Don't use backbone.js... yet - th3byrdm4n
http://skyhighcode.blogspot.com/2012/06/dont-use-backbonejs-yet.html

======
tjholowaychuk
I don't always write trivial frameworks, but when I do I have a conference
about it. Blows my mind, enterprisejs ftw

------
tbranyen
This doesn't look like a whole lotta free. This is also not achieving all that
Backbone gives you. Interesting slides though, can't wait to see the talk
video.

------
sam-mueller
I agree with the premise of learning the fundamentals. However, the fact that
jQuery has "free" support for features like data binding is not enough
justification to forgoe using a framework like backbonejs or emberjs. What
about routing? In a large client-centric app, I'd argue that routing is as
important as data binding.

There's no question that understanding the mechanics behind these frameworks
will yield much better apps, even if you skip out and go barebones jQuery. But
there's always going to be a tradeoff between writing all the boilerplate and
structure yourself, rather than relying on a framework to lessen the burden.
With emberjs, you get immensely reduced boilerplate and some pretty sound
opinions on structure. If you want to exchange writing more code for less of
an opinion and more flexibility, then go with backbonejs.
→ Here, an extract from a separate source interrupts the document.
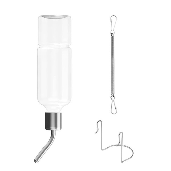 - Size:This Pet Water Bottle Total Length:150mm/5.9in; Diameter: 59mm/2.3in; Capacity: 350ml/11.8oz; Nozzle Diameter: 9 mm/0.36in.can be used inside or outside for cage, simple and easy installation.

Each of these frameworks bring key strengths to the table, having been written
by amazing devs (like Yehuda Katz) with the additional benefit of "community
consensus" to boost their usefulness. The article makes valid points, but keep
in mind there's definitely more to this story.

------
lukifer
The slides are interesting, I definitely learned some things. The only item I
wasn't clear on is how $.Callbacks fits in.

But these techniques are hardly as clean or powerful as Backbone or Angular.
In fact, rather than using vanilla jQuery, he seems to be rolling his own
minimal data-binding library. (I'm tempted to package up his code into a
jQuery plugin.)

Looking forward to seeing the actual talk.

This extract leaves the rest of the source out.